Billboard published a weekly chart in 1971 ranking the top-performing singles in the United States in soul music and related African American-oriented music genres; the chart has undergone various name changes over the decades to reflect the evolution of such genres and since 2005 has been published as Hot R&B/Hip-Hop Songs. In 1971, it was published under the title Best Selling Soul Singles, and 21 different singles topped the chart.

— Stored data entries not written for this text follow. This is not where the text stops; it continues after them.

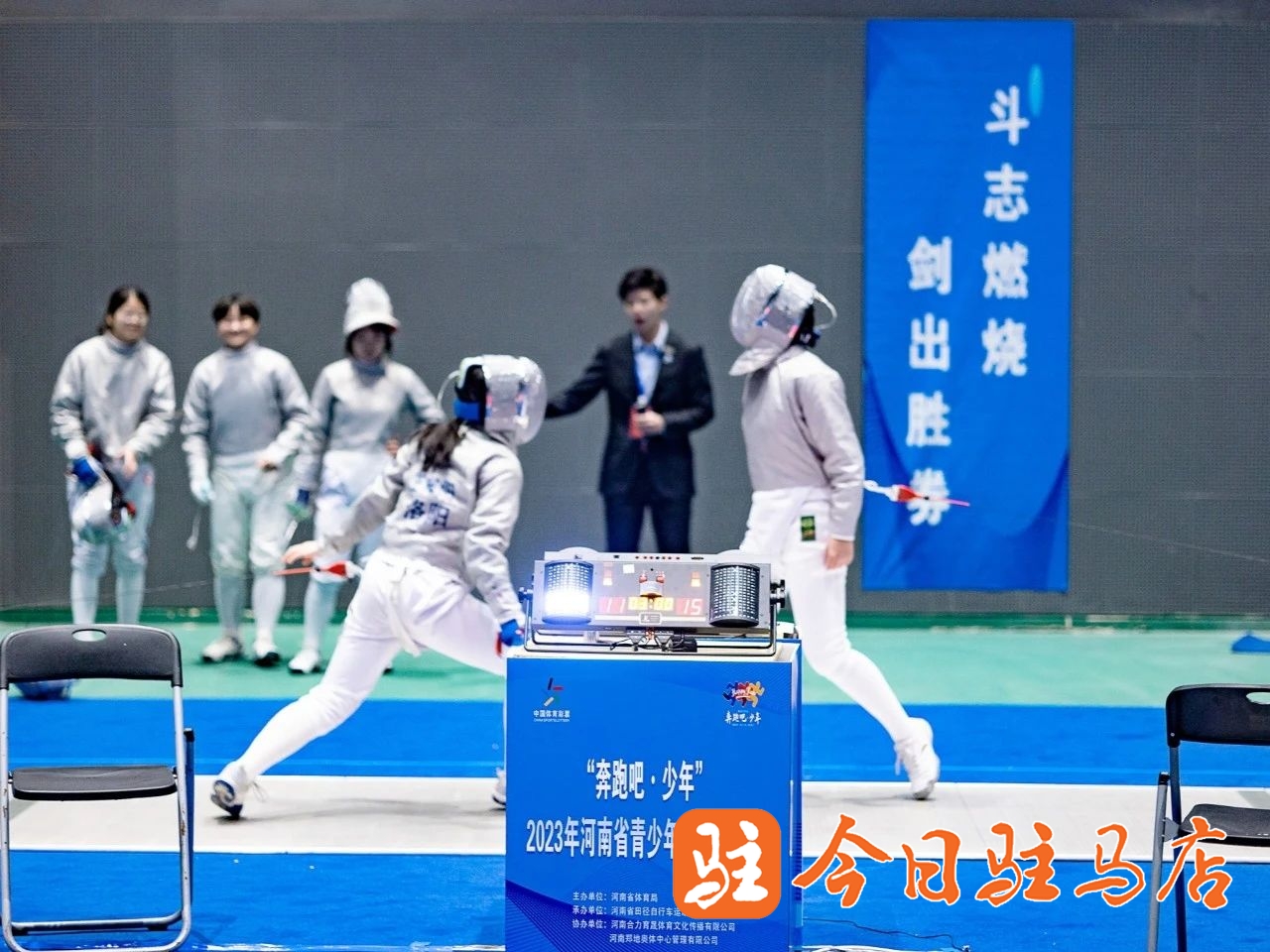 比赛中,运动员们身着防护服,戴好面罩,在剑道上你攻我防,上演了一出又一出技巧与优雅同行、激情与紧张共存的精彩对决。新蔡县运动员在赛场上动作敏捷,剑术娴熟,尽显勇于拼搏、不畏强敌的体育精神。最终,陈文博荣获男子花剑乙组个人冠军,闫通获得男子佩剑乙组个人季军,刘烁获得男子花剑乙组个人第六名。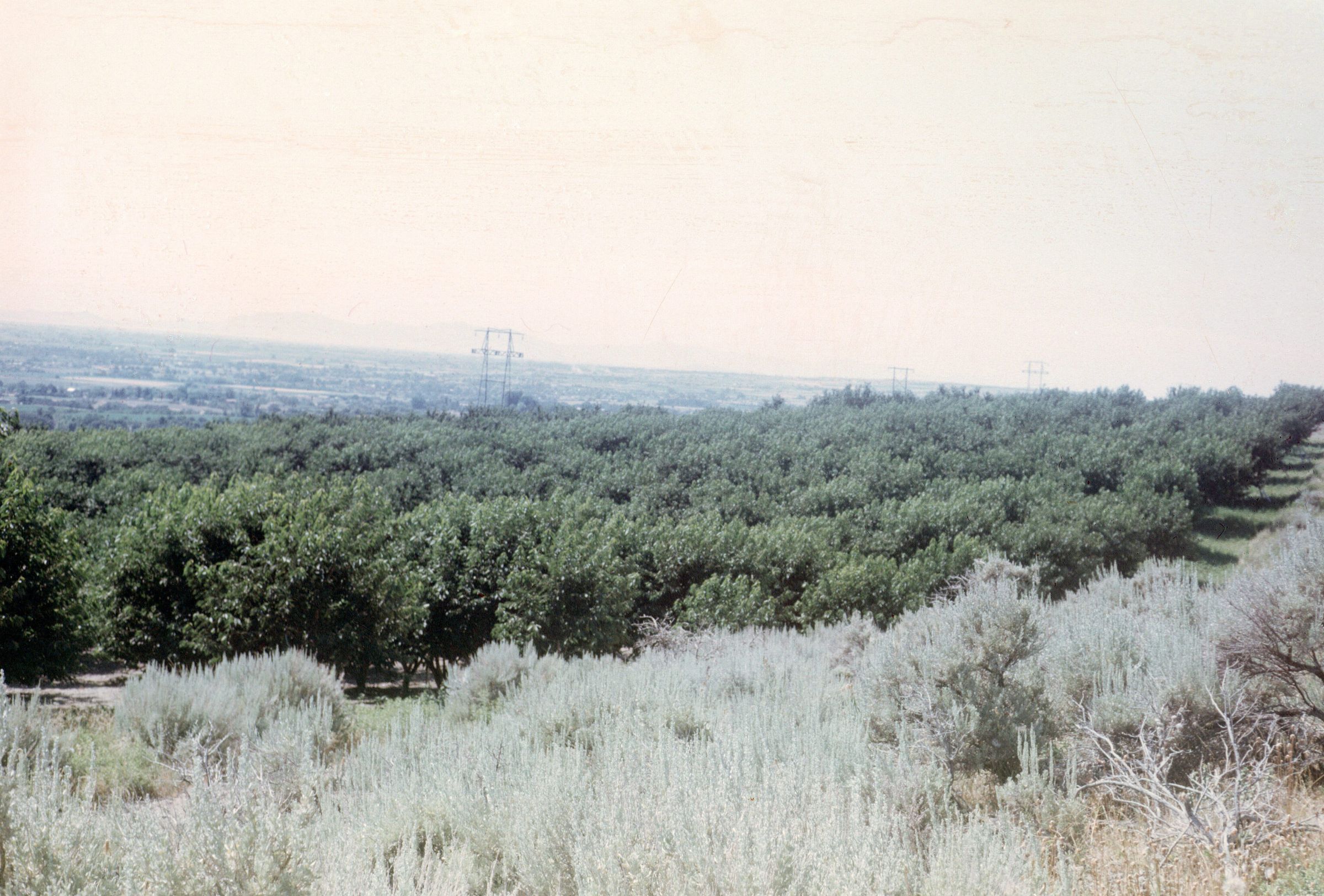 Burton family orchard below sagebrush covered mountain bench in Fruit Heights.Photograph Details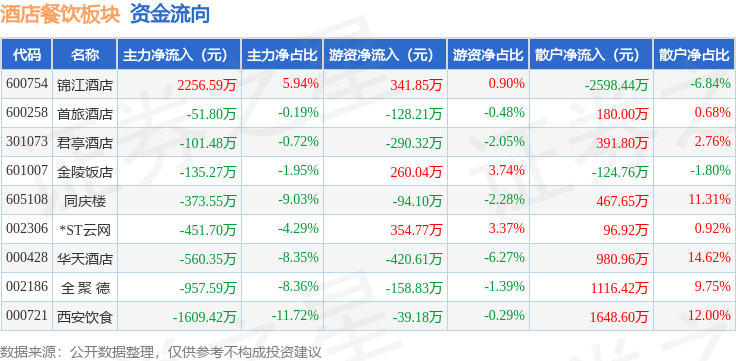 从资金流向上来看,当日酒店餐饮板块主力资金净流出1984.57万元,游资资金净流出174.59万元,散户资金净流入2159.16万元。酒店餐饮板块个股资金流向见下表: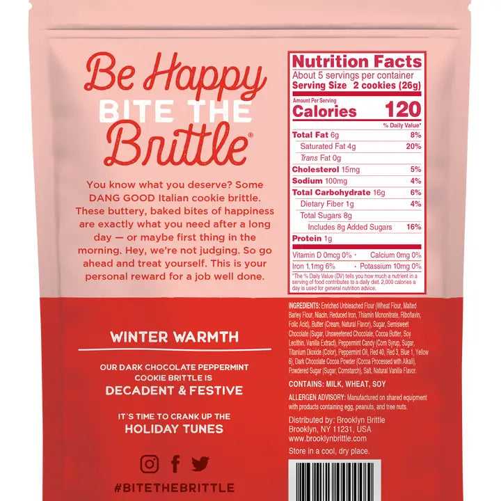 DARK CHOCOLATE PEPPERMINT – WINTER WARMTH ❄️🍫 The deep, rich taste of dark chocolate. The cool burst of peppermint. One bite, and it’s everything you love about winter—crisp air, fresh snowfall, and the cozy feeling of the season. ✔️ Pair it with hot cocoa, coffee, or a festive cocktail ☕🎄 ✔️ Pack it for holiday movie nights, gift baskets, or snowy adventures ❄️🎁 ✔️ Enjoy it straight from the pack—because some flavors are too magical to wait for 📍 Flavor Profile: Intense dark chocolate with a cool peppermint finish Brooklyn Brittle’s Dark Chocolate Peppermint is made for the moments that make winter special—because some flavors just feel like the holidays.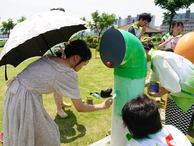 学生志愿者在带队老师的指导下,对4个蚯蚓塔进行彩绘装饰,有的画上可爱的蚯蚓,有的画上鲜花、小草、蝴蝶,还有的则写上“蚯蚓塔”“宠物粪便收集处”等文字,倡导市民快来使用。在志愿者们的巧手下,蚯蚓塔华丽变身。接着,在江桥镇农发公司志愿者的指导下,完成对蚯蚓塔的安装。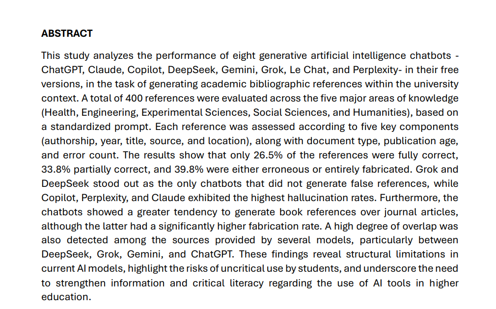 С другой стороны, в исследовании Assessing the performance of 8 AI chatbots in bibliographic reference retrieval, посвящённом проверке способности сервисов формировать академические библиографические ссылки, Perplexity оказался одним из худших по части фабрикации ссылок.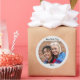 Your unique photo and two lines of personalised text highlight these custom round stickers.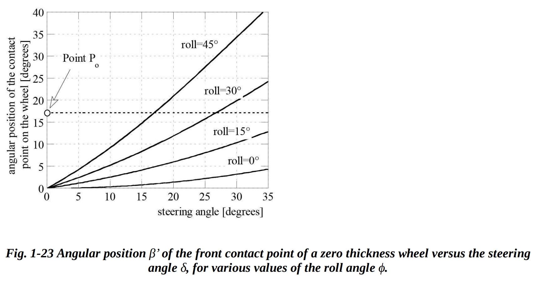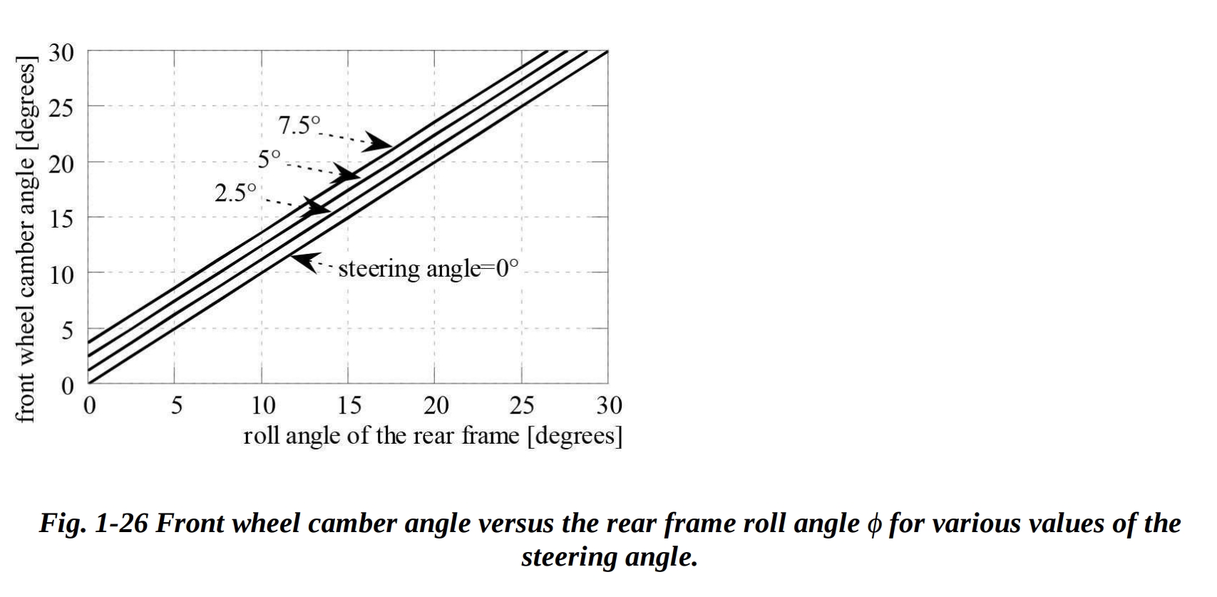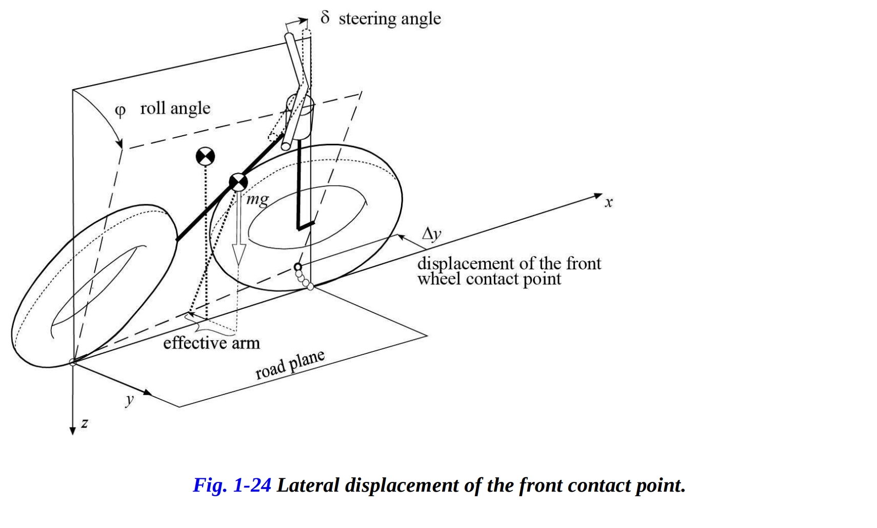 平衡状態において、遠心力と重力の合力は、タイヤの接地点を結ぶ線を通過します。この線は、タイヤがゼロの厚さで操舵角が非常に小さい場合、バイクの平面内にあります。実際には、ゼロでない操舵角が与えられると、前輪の接地点は後部フレームのx軸に対して横方向にずれるので、タイヤの接地点を結ぶ線は後部フレームの平面内には含まれません。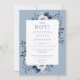 Denna eleganta 'åh pojke' dammiga blå blommiga babykalasinbjudan kan anpassas med din information i modern typografi. Designad av Thisisnotme©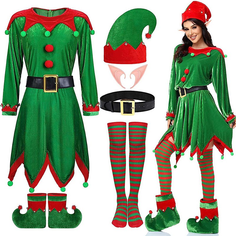 Elf Fancy Christmas Dress Santa Suits Cosplay Costumes Men's Women'...
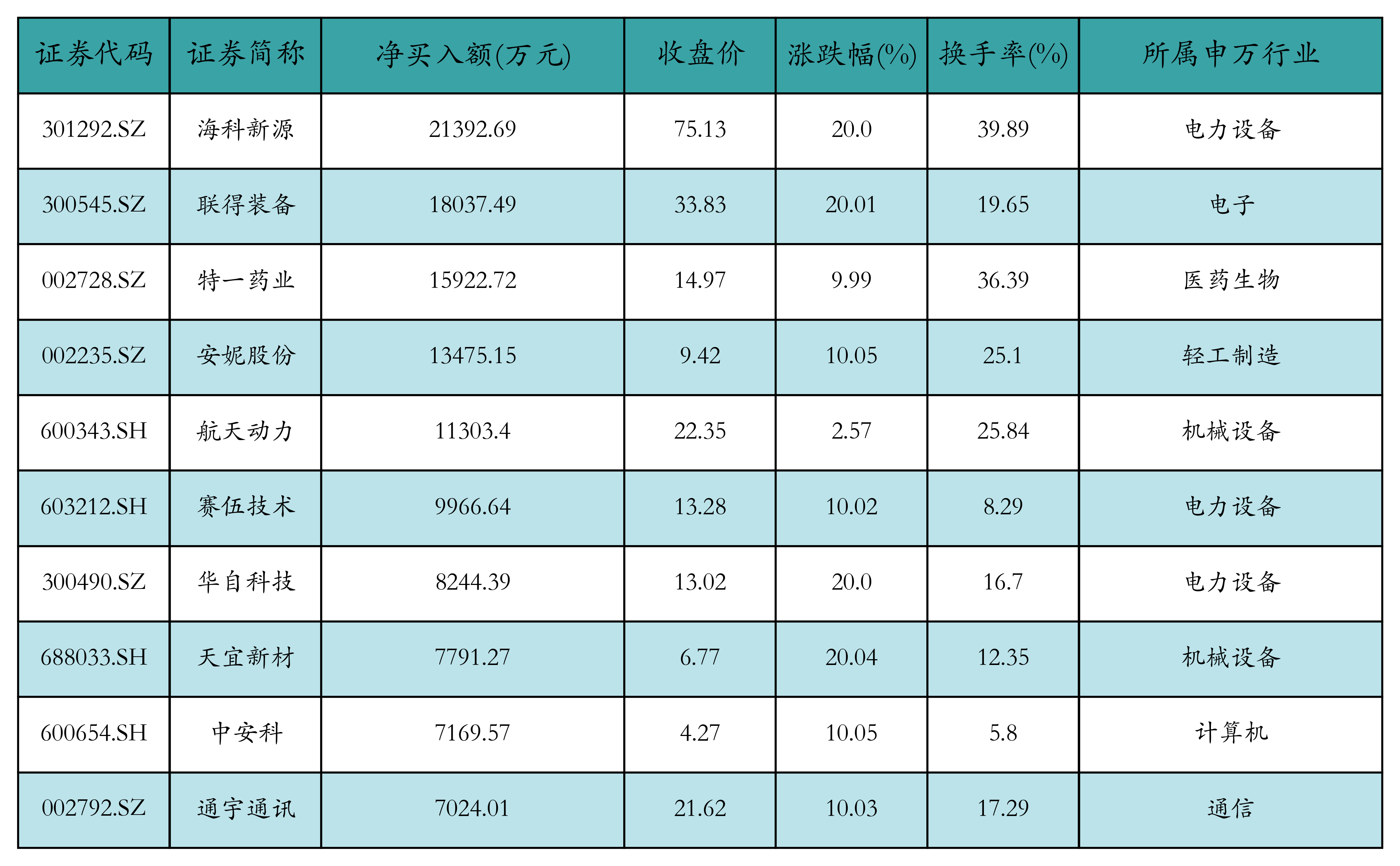 昨日龙虎榜营业部净买入额前10详情见下表: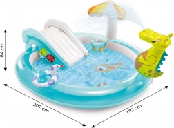 Prineste svojim deťom radosť z letného dňa plného vody a zábavy s týmto nafukovacím detským bazénikom od značky INTEX. Je vybavený šmykľavkou, hracím kruhom a fontánou v tvare krokodíla, čo zaručí nekonečnú zábavu pri vodných hrách.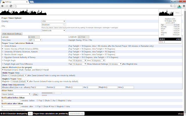 基于具有许多可定制功能的 islamicfinder.org 的准确祈祷时间计算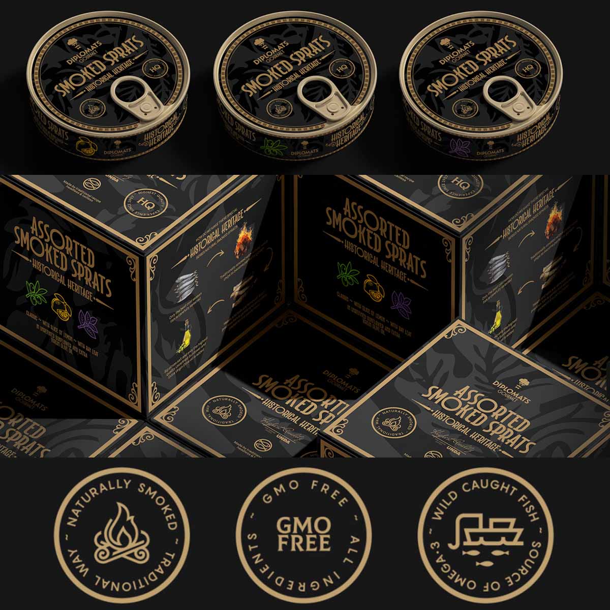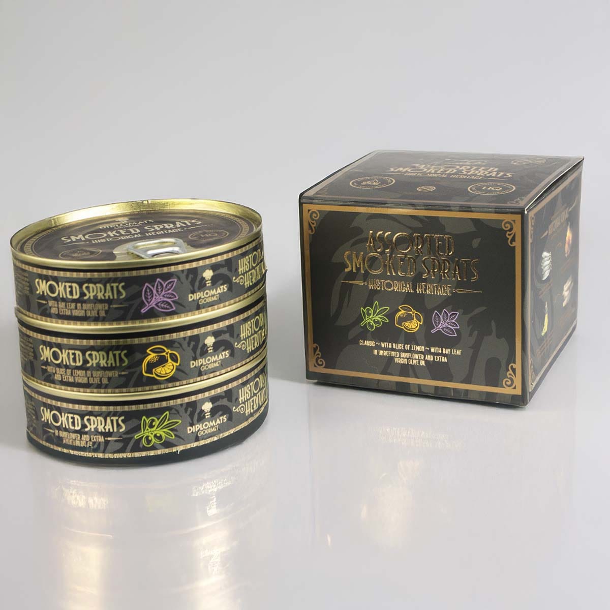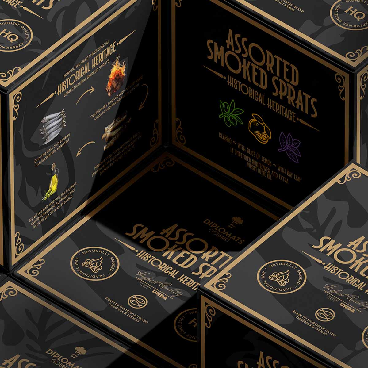 Diplomāts Gourmet smoked sprat selection. Historical flavour—time-tested quality.

In the issue of Billboard dated January 2, King Floyd reached number one with "Groove Me", displacing the final number one of 1970, "Stoned Love" by the Supremes. It held the top spot for three weeks, was replaced for a single week by "If I Were Your Woman" by Gladys Knight & the Pips, and then returned to number one for one further week. "Groove Me" was Floyd's first number one but proved to be his only single to reach the top spot. It was replaced at number one by "(Do The) Push and Pull (Part 1)" by Rufus Thomas, another first-time chart-topper. Thomas had first recorded in 1941, but did not achieve his greatest success until the early 1970s, when he was well into his 50s; as with Floyd, his 1971 number one was his only chart-topping single. Honey Cone, Jean Knight, Denise LaSalle, the Persuaders, and the Chi-Lites also reached number one in 1971 for the first time in their respective careers.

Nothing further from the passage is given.